同社グループは化学工業を基盤とし、精密化学品や樹脂添加剤などを国内外に提供する化学メーカーです。
■(1) 会社概要
1919年4月に田岡商店として創業し、1934年10月に田岡染料製造を設立しました。1955年5月に住友化学工業(現 住友化学)が資本参加しています。2013年7月に東京証券取引所へ株式を上場しました。その後、2020年9月に営業本部および本社部門を大阪市淀川区に移転し、現在の体制となっています。
従業員数は連結で482名、単体で412名です。筆頭株主は事業会社の住友化学で、第2位は資産管理業務を行うモルガン・スタンレーMUFG証券、第3位も同じく資産管理業務を行う香港上海銀行です。
| 氏名 | 持株比率 |
|---|---|
| 住友化学 | 50.58% |
| MSIP CLIENT SECURITIES(常任代理人 モルガン・スタンレーMUFG証券) | 2.60% |
| NORTHERN TRUST CO.(AVFC) RE U.S. TAX EXEMPTED PENSION FUNDS SEC LENDING (常任代理人 香港上海銀行東京支店) | 1.56% |
■(2) 経営陣
同社の役員は男性9名、女性2名の計11名で構成され、女性役員比率は18.0%です。代表取締役社長は岩崎明氏が務めています。社外取締役比率は36.4%です。
| 氏名 | 役職 | 主な経歴 |
|---|---|---|
| 岩崎 明 | 取締役社長(代表取締役) | 住友化学経営管理部長、同社執行役員を経て、取締役副社長等を歴任。2025年より現職。 |
| 松尾 俊二 | 常務取締役営業本部長、営業本部東京支店長 | 同社事業支援室部長、田岡化工材料董事長・総経理などを歴任。2025年より現職。 |
| 伊美 勝治 | 常務取締役技術本部長、研究所統括 | 住友化学エネルギー・機能材料業務室部長を経て、同社技術本部副本部長を歴任。2025年より現職。 |
| 伊瀨 基之 | 常務取締役生産本部長、生産本部淀川工場長 | 同社生産本部播磨工場副工場長、技術本部技術室長を経て、生産本部長等を歴任。2026年より現職。 |
| 岡嶋 謙 | 取締役総務人事室長、内部統制・監査部統括 | 住友化学千葉工場総務部長などを経て、同社総務人事室長を歴任。2023年より現職。 |
| 福田加奈子 | 取締役 | 住友化学CSR推進部長、常務執行役員サステナビリティ推進部長などを歴任。2024年より現職。 |
社外取締役は、田辺陽(元関西学院大学教授)、小西弘之(元国税庁大阪国税局)、藤咲雄司(元天馬代表取締役社長)、矢倉昌子(元大阪弁護士会副会長)です。
2. 事業内容
同社グループは、「化学工業」および「化学分析受託事業」を展開しています。
■(1) 化学工業
精密化学品(農薬中間体や樹脂原料)、機能材(接着剤やゴム薬品)、樹脂添加剤(加工樹脂や可塑剤)等の各種化学製品を国内外の顧客向けに製造および販売しています。光学レンズ用樹脂モノマーや生分解性・バイオマス可塑剤などの開発にも取り組んでいます。

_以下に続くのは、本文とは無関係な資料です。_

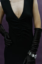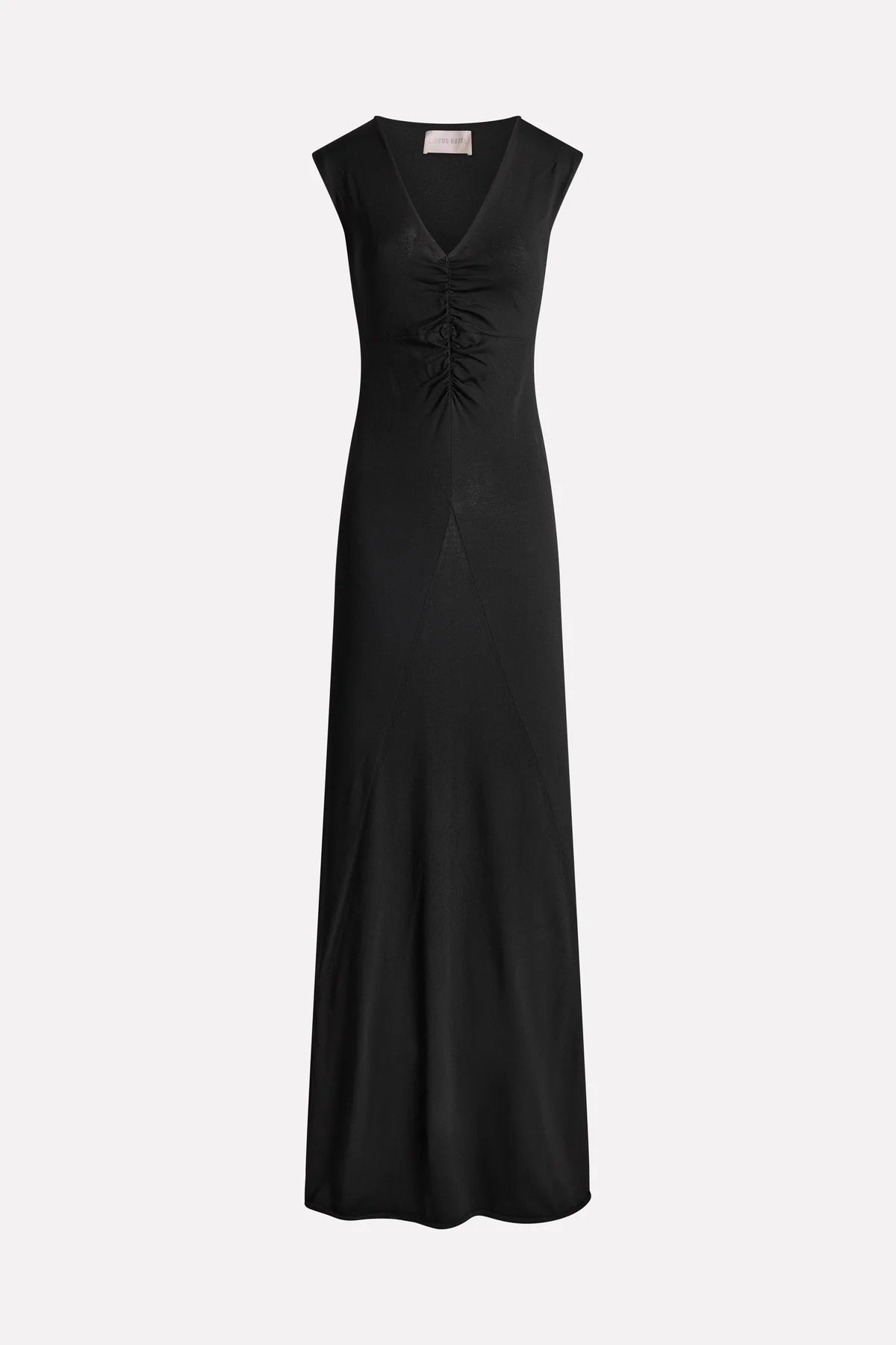 Abito in viscosa nero a sirena con arriccio sul davanti

製品の販売を通じて顧客から代金を受け取る収益モデルです。製品の引渡しやリスク負担の移転時に収益を認識しています。主に田岡化学工業が運営を行っており、一部のゴム薬品や加工樹脂については田岡化工材料(上海)やインドのタオカケミカルインドが事業を担当しています。
■(2) 化学分析受託事業
各種環境分析、材料分析、土壌調査、石綿分析などを幅広く受託する事業です。多様な分析ニーズを持つ企業や自治体などの顧客に対し、専門的な化学分析サービスを提供することで事業を展開しています。
顧客からの化学分析業務の受託および完了報告に伴い、サービス提供の対価として分析手数料等の料金を受け取る収益モデルです。事業の運営は、田岡化学工業の連結子会社である田岡化学分析センターが行っています。
3. 業績・財務状況
同社の連結業績をデータで分析します。
■(1) 業績推移
売上高は一時的な落ち込みを経て回復傾向にあり、直近では樹脂原料の出荷増加などが寄与し増収となっています。経常利益と当期利益についても、直近2期間は連続して増益を達成しており、利益率も回復基調にあることが読み取れます。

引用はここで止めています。